TASK DIRECTIONS
The answer must be the lines from the one containing "Inspired by a" through the last line of the data below, copied exactly, with nothing else.

+===+

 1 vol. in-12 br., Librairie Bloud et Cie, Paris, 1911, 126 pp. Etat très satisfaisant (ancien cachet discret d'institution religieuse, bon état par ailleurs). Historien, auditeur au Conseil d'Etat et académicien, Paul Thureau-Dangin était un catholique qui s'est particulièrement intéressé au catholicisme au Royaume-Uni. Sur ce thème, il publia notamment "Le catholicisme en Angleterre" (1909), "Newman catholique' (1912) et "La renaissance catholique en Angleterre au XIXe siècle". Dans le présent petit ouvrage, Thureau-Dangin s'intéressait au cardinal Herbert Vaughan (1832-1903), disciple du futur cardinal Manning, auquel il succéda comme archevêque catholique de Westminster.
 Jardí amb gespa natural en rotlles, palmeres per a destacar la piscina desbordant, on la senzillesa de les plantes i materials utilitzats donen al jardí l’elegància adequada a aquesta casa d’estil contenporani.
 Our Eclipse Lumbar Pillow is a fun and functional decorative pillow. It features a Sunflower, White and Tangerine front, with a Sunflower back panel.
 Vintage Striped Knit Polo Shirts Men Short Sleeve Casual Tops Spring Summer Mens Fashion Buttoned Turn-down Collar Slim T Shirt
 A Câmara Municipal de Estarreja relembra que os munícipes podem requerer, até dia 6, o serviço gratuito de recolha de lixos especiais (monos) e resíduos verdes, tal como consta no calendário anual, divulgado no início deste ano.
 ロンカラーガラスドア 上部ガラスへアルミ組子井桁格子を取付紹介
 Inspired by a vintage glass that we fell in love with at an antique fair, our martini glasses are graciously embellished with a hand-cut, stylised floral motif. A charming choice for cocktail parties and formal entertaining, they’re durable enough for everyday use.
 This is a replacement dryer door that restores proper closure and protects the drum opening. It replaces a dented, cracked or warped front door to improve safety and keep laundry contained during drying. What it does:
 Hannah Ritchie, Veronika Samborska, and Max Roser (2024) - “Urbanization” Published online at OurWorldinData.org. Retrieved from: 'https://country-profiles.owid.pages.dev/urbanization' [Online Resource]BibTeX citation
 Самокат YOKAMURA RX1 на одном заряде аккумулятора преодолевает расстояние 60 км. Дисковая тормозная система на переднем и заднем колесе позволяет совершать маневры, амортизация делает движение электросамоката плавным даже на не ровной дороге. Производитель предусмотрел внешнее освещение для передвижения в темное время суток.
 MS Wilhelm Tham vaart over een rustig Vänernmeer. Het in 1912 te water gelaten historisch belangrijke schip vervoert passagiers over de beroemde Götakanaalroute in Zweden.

+===+

ANSWER TO THE PROBLEM
 Inspired by a vintage glass that we fell in love with at an antique fair, our martini glasses are graciously embellished with a hand-cut, stylised floral motif. A charming choice for cocktail parties and formal entertaining, they’re durable enough for everyday use.
 This is a replacement dryer door that restores proper closure and protects the drum opening. It replaces a dented, cracked or warped front door to improve safety and keep laundry contained during drying. What it does:
 Hannah Ritchie, Veronika Samborska, and Max Roser (2024) - “Urbanization” Published online at OurWorldinData.org. Retrieved from: 'https://country-profiles.owid.pages.dev/urbanization' [Online Resource]BibTeX citation
 Самокат YOKAMURA RX1 на одном заряде аккумулятора преодолевает расстояние 60 км. Дисковая тормозная система на переднем и заднем колесе позволяет совершать маневры, амортизация делает движение электросамоката плавным даже на не ровной дороге. Производитель предусмотрел внешнее освещение для передвижения в темное время суток.
 MS Wilhelm Tham vaart over een rustig Vänernmeer. Het in 1912 te water gelaten historisch belangrijke schip vervoert passagiers over de beroemde Götakanaalroute in Zweden.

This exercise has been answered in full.